**Records for this exercise:**

────────────────────────────────────────

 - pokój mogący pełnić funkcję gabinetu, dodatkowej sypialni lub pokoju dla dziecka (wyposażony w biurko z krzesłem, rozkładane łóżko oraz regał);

────────────────────────────────────────

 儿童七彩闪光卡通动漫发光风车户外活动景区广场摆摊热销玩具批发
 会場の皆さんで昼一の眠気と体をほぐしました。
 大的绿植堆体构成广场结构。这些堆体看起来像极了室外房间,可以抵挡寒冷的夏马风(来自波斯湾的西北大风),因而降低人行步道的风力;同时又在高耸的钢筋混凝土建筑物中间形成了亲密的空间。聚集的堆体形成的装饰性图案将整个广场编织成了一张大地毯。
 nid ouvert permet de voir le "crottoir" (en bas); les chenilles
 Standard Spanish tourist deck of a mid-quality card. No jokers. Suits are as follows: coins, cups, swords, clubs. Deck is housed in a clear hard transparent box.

────────────────────────────────────────

**Problem details:** Only the lines above from the one with "nid ouvert permet" through the one with "Standard Spanish tourist" should be duplicated, character for character.

**Answer section:**
 nid ouvert permet de voir le "crottoir" (en bas); les chenilles
 Standard Spanish tourist deck of a mid-quality card. No jokers. Suits are as follows: coins, cups, swords, clubs. Deck is housed in a clear hard transparent box.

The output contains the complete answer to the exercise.